Monday, June 19, 2006

TOTAL HOSPITAL BILL:

For the luxurious digs at Weiss Hospital, with the fine view of the skeletal in-progress parking structure and the oh-so-helpful nurse "Mary" with the fantastic "wash yourself" bedside manner and the neurotic young doctor who got down on one knee and apologized every time he ruthless dug into my arteries and splashed great rivulets of blood all over the bedding:

$27,318.58

Amount of piecemeal physician's costs still trickling in:

About: $1500

Amount I've spent out of pocket for medications to date:

About: $600

Amount of every check up with Doctor S., every three months for the rest of my life:

$178 (amount included in above total)

For a Grande Totale of:

$29,418.58

Or, roughly, about how much it cost me to get a Bachelor's Degree in 2001.

Not bad, for saving a life.

Still:

I've rather be living in Canada, thanks.

P.S. At least I know how much my book advance(s) need to be! Oh yay.

13 comments so far. What are your thoughts?

Patrick said...

Sweet Jesus.

This might be a good time to put a few more items up on Cafepress, no?

Or, I don't know, see about selling your story to Lifetime? :)

Kameron Hurley said...

I will write for Oprah Magazine!!!

Kameron Hurley said...

A LOT.

PerpetualBeginner said...

Not surprising, unfortunately. Now you just have to write the next Harry Potter run-away hit.

If you do though, either your style will have to change, or I'm going to gain a whole new respect for the average American reader's taste.

simon Owens said...

Well, the important thing is that you're okay.

David Moles said...

I like Patrick's idea. They could call it "Thirty Thousand Dollar Baby". It would be just like "Million Dollar Baby" only PG-rated, sappily heartwarming, and not fucked up.

Kameron Hurley said...

Honestly, David, what fun would a movie about me be if it was rated PG???

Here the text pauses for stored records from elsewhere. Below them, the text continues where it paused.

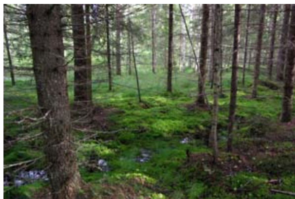
Rehevän aluskasvillisuuden seassa on pitkälle lahonneita maapuita. Mäen itäpuolella on kostea räme.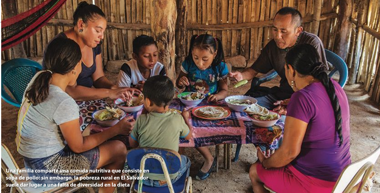
Una familia comparte una comida nutritiva que consiste en sopa de pollo; sin embargo, la pobreza rural en El Salvador suele dar lugar a una falta de diversidad en la dieta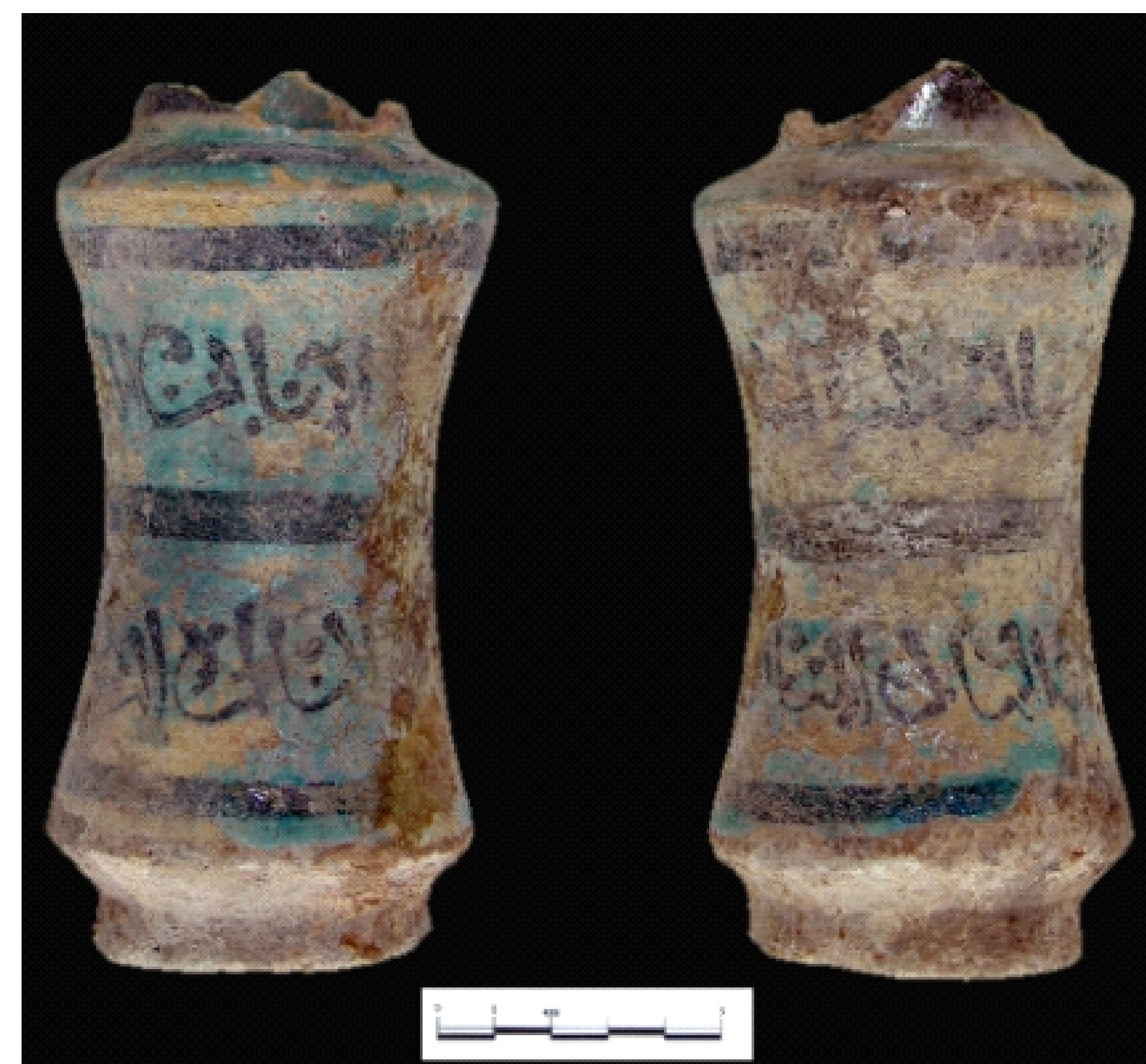
Fig. 3. Ravello. Villa Rufolo. Albarello di importazione egiziana con iscrizione beneaugurale in caratteri cufici (XIII secolo) (Sede della Soprintendenza Archeologica di Salerno)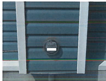
Encastré - revêtement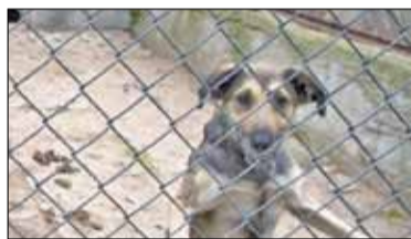
||| Milanówek - Czekając na adopcję s. 4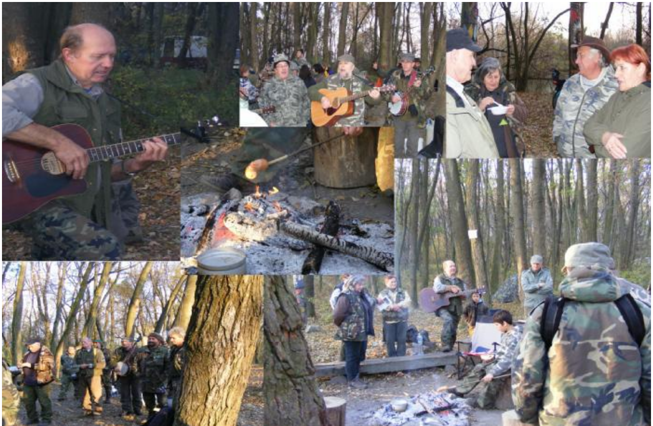
Jesenné táborenie 12.11.2011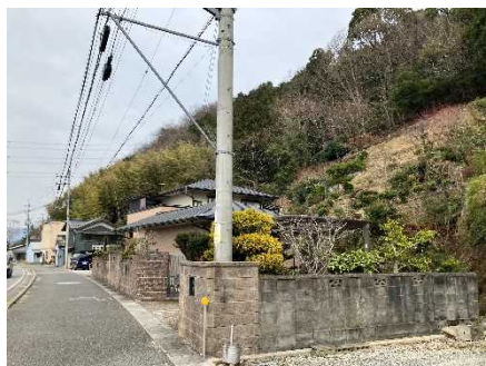
③保全対象とがけの状況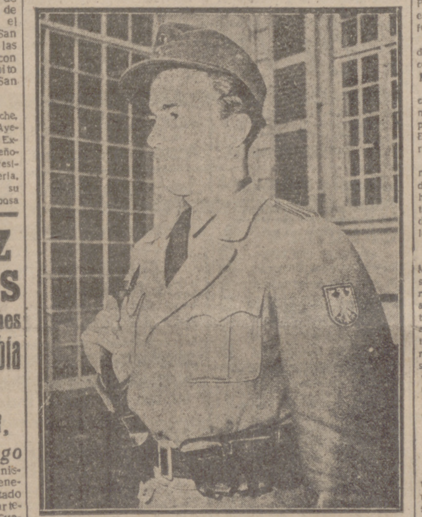
Un policía alemán de fronteras, de los que prestan vigilancia en el Palacio Schaumburg, centro político de la República Federal Alemana en Bonn, luce sobre su nuevo uniforme su también nuevo escudo distintivo.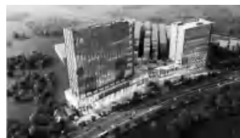
图 1 鸟瞰效果图

高尔夫球场附近,酒店所在的 C2 地块是个东西向十分狭长的地块,设计功能兼具酒店、办公和商业展示 3 部分。总用地面积 16775.18m 2 ,容积率 3.67。酒店与办公功能分为两个塔楼居于地块东西两端,下部贯穿商业及展厅(见图 1)。酒店客房规模共计 258 间,包括 51 间套房,其中还有录音套房和巨星套房。酒店的其他功能配置与传统酒店并无太大区别,对于此类主题酒店,可以从以下 3 个原则入手进行设计思考。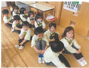
準備が色々わって お山作りで待っています!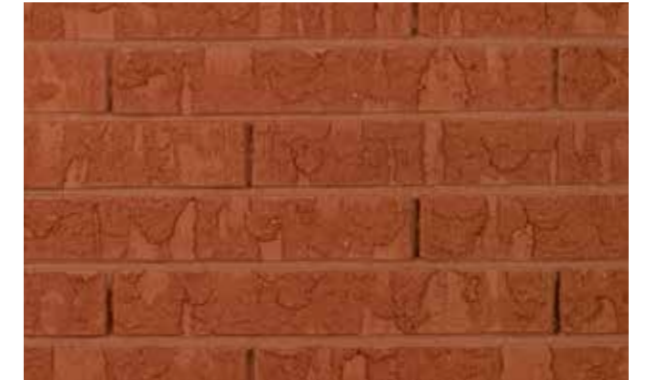
Marono Rood Extra Formaat ± 288x90x48 mm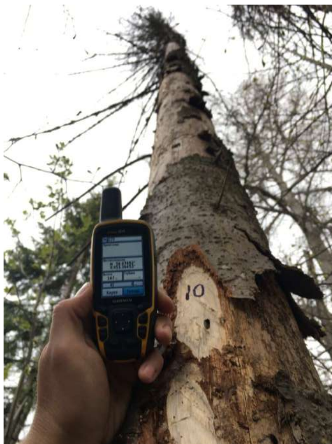
Аварийное дерево №10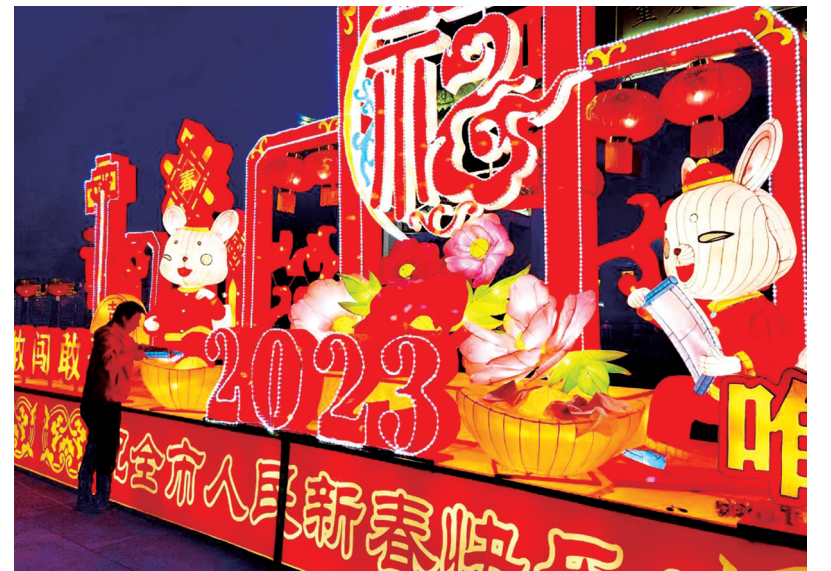
卯兔送福迎新春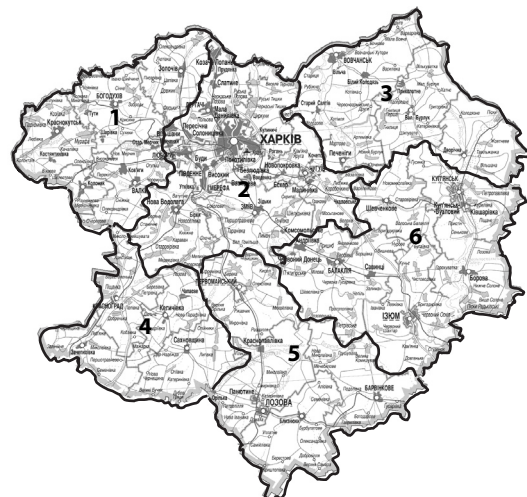
II – 6 районів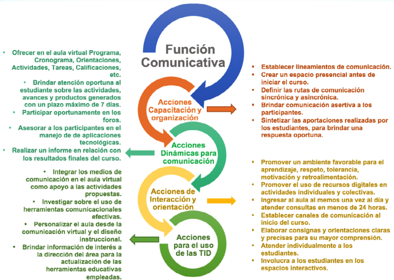
Figura 5. Función comunicativa en EVA.

En dicha función el docente virtual debe considerar una serie de lineamientos implicados para la mediación en un entorno de aprendizaje, donde la interacción entre el docente y el estudiante asume un papel preponderante para consolidar y fortalecer la participación, motivación, el aprendizaje individual y colectivo. Ante dicho escenario, se presenta en la siguiente figura una serie de acciones, tales como; capacitación y organización, dinámicas, interacción, orientación y uso de las TIC (González et al. 2012).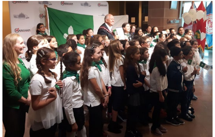
Le maire de Markham, Frank Scarpitti, participe au premier lever du drapeau franco-ontarien en compagnie d'élèves francophones à la suite de l'obtention de la désignation de la Ville de Markham, le 1 er juillet 2018.

En février 2017, le gouvernement provincial a annoncé l'octroi de financement pour les services de psychothérapie à l'intention de personnes atteintes de troubles tels l'anxiété et la dépression. L'Entité 4 a travaillé avec le Centre des sciences de la santé mentale Ontario Shores et le Centre de soins de santé mentale Waypoint pour combler les lacunes dans les services de santé mentale et de toxicomanie offerts aux francophones et pour rendre ces services plus accessibles. Ce programme encadre l'affectation de spécialistes cliniques en santé mentale dans le secteur des soins primaires ainsi qu'en milieu communautaire. Depuis l'automne 2018, du personnel clinique qui parle le français est en poste à Toronto North Support Services et au CSC TAIBU (RLISS du Centre et du Centre-Est), ainsi qu'à l' Association canadienne pour la santé mentale du comté de Simcoe et au CSC CHIGAMIK (RLISS de Simcoe Nord Muskoka).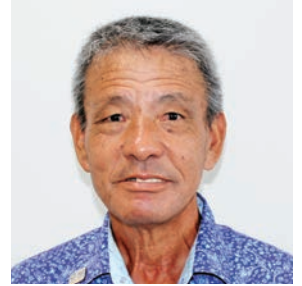
新垣 貞則 議員

新垣氏住宅（久場1919番地）側の排水路は、降雨によって上流からの雨水で生活道路へ氾濫し、区民の通行が困難となったが対策は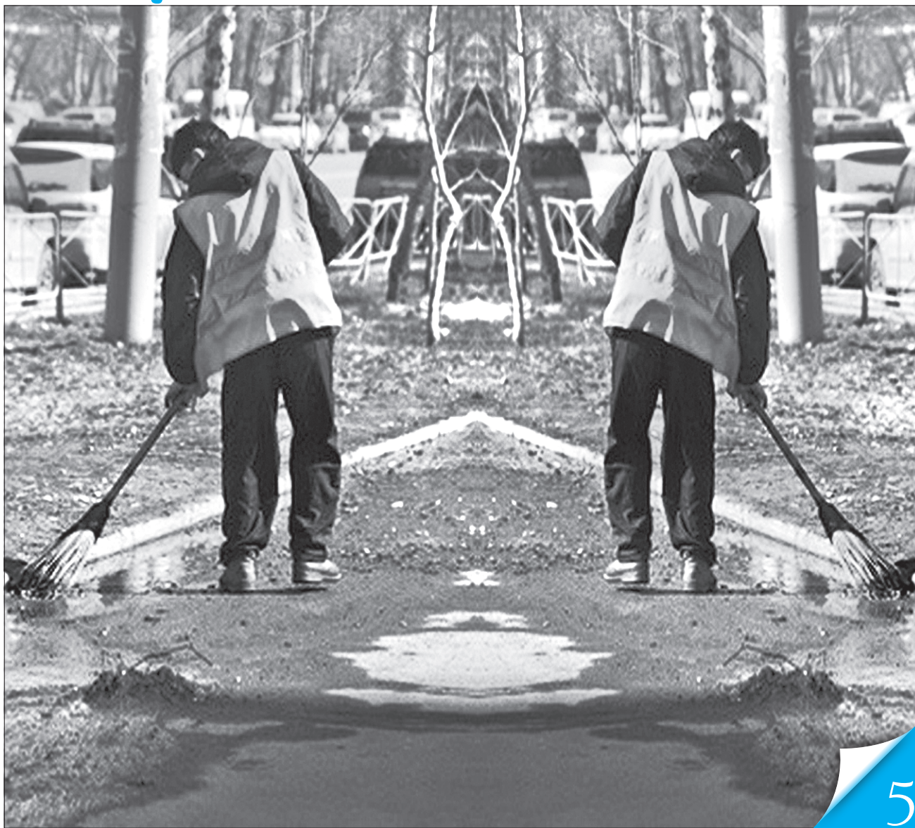
Колаж Ірини НАЗІМОВОЇ

The swearing alone would get me a PG-13.

And I'd want nudity!

And blood!

Lots and lots of blood!

And yes, a better ending. Cause that ending was just FUCKING LAME.

That Girl said...

Seriously, most states have a catastrophic fund that pays if you use over 10% of you income on medical bills.

David Moles said...

Well, okay, but then we're not looking at Lifetime. Cinemax?

Greg said...

Dear god, Kam. Did they give you a payment plan with that?

I do like the Cinemax idea, though.

Greg

Kameron Hurley said...

Greg - supposedly, my insurance is paying for 80% of this. However, I just received some really confusing paperwork that makes it look like insurance doesn't want to pay their share.

So I have a lot of calling and haggling to do: again.

Kameron Hurley said...

Oh, and Greg: you *would* like the Cinemax idea, if only for the "nudity" part! :)

Actually, it'd have to be HBO, all the way.

Anonymous said...

Why Ms. Kameron. Ah simply don't know what y'all mean.